Organizer: Garry E. Gold, M.D. & James G. Pipe, Ph.D.

Monday 09 May 2016

Overview
The healthcare environment is changing. For MRI to continue to thrive, the ISMRM needs to take a leadership role in ensuring that MRI give high value in clinical medicine. This includes identifying where MRI gives the greatest clinical impact, enabling researchers to formulate impactful methods and take them towards product, and enabling members to demonstrate costs and benefits in different situations.

Target Audience
All attendees interested in MR Value and health care economics, including members wanting to target high-value MR exams and researchers interested in the processes and outcomes necessary to have real clinical impact.

Educational Objectives
Upon completion of this course, participants should be able to:

  • Understand the needs of the Radiologist, and ways in which it would be helpful to evolve the information provided by MRI;
  • Understand the process for identifying research areas of potential impact, and the processes to take these into a product; and
  • Learn about various ways that MR Value is being introduced into the field.

PROGRAM
Moderators: Daniel Sodickson, Garry Gold
10:45
 
  
 
What Makes for a Clinically Useful MR Exam?
Scott Reeder1
1University of Wisconsin, Madison, WI, United States
Development, validation, and translation of advanced new imaging methods is an exciting and important area of scientific development and clinical medicine.

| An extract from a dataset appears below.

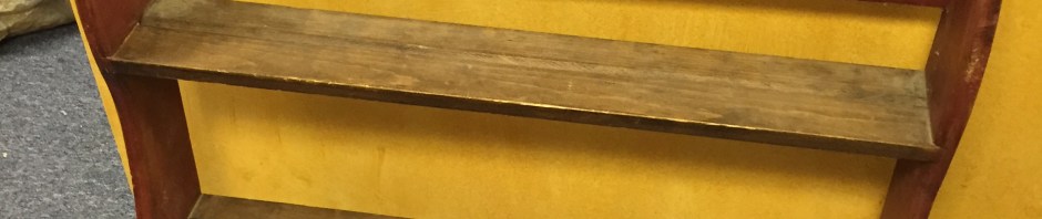 This vintage plate rack has 3 shelves with grooves to hold plates (or other items) upright, and a wire hanger on the back. There’s a nice little heart shaped cut-out in the middle.

The development of standardized approaches and objective measures of new imaging technologies such as SNR and CNR, and subjective ordinal metrics are extremely helpful particularly in the early stages of technical development and translation. Subsequent studies comparing new imaging techniques with accepted reference standards, is the next step to establish the diagnostic performance of a technique for the detection and staging of disease.  Ultimately, clinical effectiveness and patient outcomes are the most important metric of the impact of new technologies.  Finally, there are many practical barriers that should be considered, including work flow, post-processing, that are needed to garner acceptance by technologists, radiologists, and referring physicians.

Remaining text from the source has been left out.